- WORK ORDER -
Your answer should be the lines below from the one holding "- Labels: Currently" through the one holding "New Jersey | |", copied exactly and with nothing else.

- INPUT FOR THIS TASK -
# # # # #
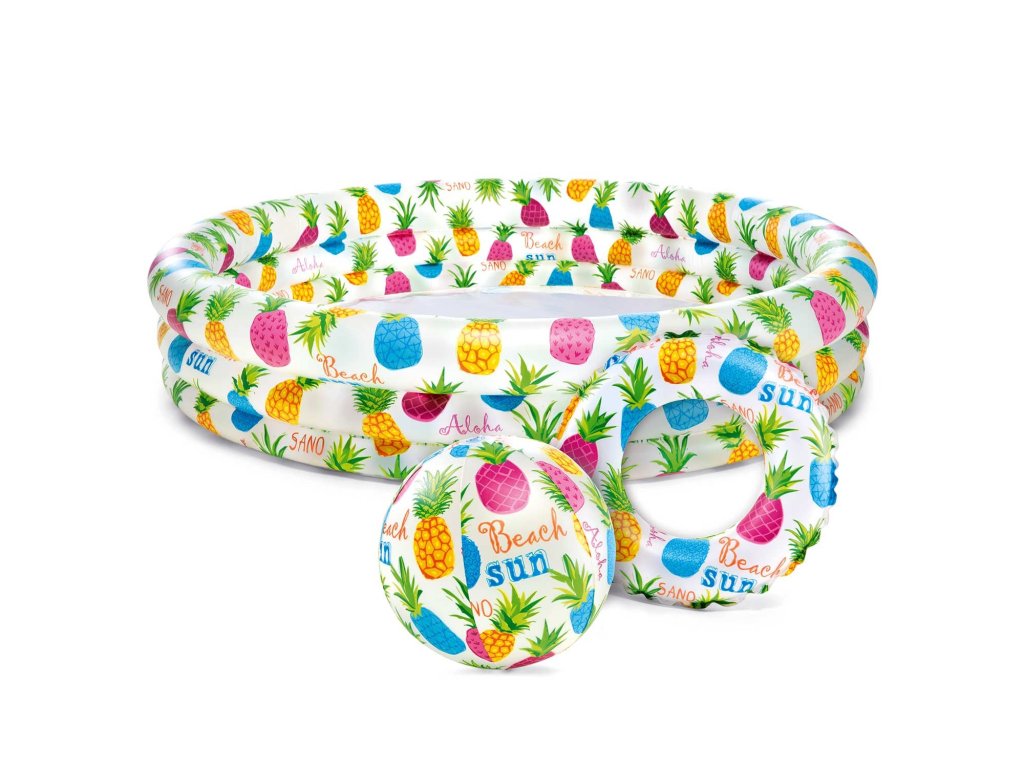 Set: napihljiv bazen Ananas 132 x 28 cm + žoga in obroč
# # # # #
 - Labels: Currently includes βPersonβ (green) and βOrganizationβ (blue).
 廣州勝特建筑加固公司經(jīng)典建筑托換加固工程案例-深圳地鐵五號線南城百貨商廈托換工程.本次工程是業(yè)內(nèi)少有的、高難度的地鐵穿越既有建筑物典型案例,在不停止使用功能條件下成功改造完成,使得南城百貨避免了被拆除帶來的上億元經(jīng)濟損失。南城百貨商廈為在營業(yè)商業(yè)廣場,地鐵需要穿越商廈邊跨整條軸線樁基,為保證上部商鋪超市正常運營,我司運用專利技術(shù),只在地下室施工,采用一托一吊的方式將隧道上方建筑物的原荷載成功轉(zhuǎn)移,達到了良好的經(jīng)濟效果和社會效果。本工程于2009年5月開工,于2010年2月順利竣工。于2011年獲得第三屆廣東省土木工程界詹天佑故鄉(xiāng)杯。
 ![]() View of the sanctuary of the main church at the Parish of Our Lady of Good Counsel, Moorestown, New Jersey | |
# # # # #
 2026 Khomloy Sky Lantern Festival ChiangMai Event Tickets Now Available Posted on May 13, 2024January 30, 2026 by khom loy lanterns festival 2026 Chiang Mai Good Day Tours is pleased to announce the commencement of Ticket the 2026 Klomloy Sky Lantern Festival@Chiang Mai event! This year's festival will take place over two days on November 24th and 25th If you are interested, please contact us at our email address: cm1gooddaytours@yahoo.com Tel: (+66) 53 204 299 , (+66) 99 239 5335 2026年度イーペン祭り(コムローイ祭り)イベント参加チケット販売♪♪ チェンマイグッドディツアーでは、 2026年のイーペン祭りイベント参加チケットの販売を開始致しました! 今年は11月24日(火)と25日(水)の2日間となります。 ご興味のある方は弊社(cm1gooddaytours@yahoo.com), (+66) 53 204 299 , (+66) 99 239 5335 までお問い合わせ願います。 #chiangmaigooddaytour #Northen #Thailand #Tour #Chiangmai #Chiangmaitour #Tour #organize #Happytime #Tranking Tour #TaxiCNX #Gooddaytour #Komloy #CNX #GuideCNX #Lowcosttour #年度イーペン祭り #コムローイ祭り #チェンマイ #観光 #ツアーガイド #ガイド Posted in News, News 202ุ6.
# # # # #
- FINISHED EXERCISE -
 - Labels: Currently includes βPersonβ (green) and βOrganizationβ (blue).
 廣州勝特建筑加固公司經(jīng)典建筑托換加固工程案例-深圳地鐵五號線南城百貨商廈托換工程.本次工程是業(yè)內(nèi)少有的、高難度的地鐵穿越既有建筑物典型案例,在不停止使用功能條件下成功改造完成,使得南城百貨避免了被拆除帶來的上億元經(jīng)濟損失。南城百貨商廈為在營業(yè)商業(yè)廣場,地鐵需要穿越商廈邊跨整條軸線樁基,為保證上部商鋪超市正常運營,我司運用專利技術(shù),只在地下室施工,采用一托一吊的方式將隧道上方建筑物的原荷載成功轉(zhuǎn)移,達到了良好的經(jīng)濟效果和社會效果。本工程于2009年5月開工,于2010年2月順利竣工。于2011年獲得第三屆廣東省土木工程界詹天佑故鄉(xiāng)杯。
 ![]() View of the sanctuary of the main church at the Parish of Our Lady of Good Counsel, Moorestown, New Jersey | |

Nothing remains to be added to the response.